**Task statement**
Below are the entries. Transcribe exactly the lines from the one with "競技用長袖ポロシャツ。本体同色のパターンラバープリント。" through the one with "РАСПЫЛИТЕЛЬ ЭЛЕКТРИЧЕСКИЙ Цифры, приведенные", ends included, and leave out all others.

===== Listed entries =====

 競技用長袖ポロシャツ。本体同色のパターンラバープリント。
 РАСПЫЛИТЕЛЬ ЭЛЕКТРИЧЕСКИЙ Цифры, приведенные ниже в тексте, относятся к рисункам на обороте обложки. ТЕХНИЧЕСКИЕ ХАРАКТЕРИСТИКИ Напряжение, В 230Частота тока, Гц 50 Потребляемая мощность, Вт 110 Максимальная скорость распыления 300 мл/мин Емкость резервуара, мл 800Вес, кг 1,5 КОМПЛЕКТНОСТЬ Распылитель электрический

=====
===== Listed entries =====

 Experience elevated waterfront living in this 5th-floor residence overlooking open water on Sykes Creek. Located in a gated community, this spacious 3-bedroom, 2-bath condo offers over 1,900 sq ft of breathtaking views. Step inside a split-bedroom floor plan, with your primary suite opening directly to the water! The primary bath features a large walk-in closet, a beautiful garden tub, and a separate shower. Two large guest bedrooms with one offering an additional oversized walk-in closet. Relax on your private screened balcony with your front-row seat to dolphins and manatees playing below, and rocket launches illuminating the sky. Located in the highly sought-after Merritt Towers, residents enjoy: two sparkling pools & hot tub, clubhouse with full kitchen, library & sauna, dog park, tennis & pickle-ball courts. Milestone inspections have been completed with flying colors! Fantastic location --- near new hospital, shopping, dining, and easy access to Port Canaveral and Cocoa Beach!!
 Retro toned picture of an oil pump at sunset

=====

**Response to the exercise**
 競技用長袖ポロシャツ。本体同色のパターンラバープリント。
 РАСПЫЛИТЕЛЬ ЭЛЕКТРИЧЕСКИЙ Цифры, приведенные ниже в тексте, относятся к рисункам на обороте обложки. ТЕХНИЧЕСКИЕ ХАРАКТЕРИСТИКИ Напряжение, В 230Частота тока, Гц 50 Потребляемая мощность, Вт 110 Максимальная скорость распыления 300 мл/мин Емкость резервуара, мл 800Вес, кг 1,5 КОМПЛЕКТНОСТЬ Распылитель электрический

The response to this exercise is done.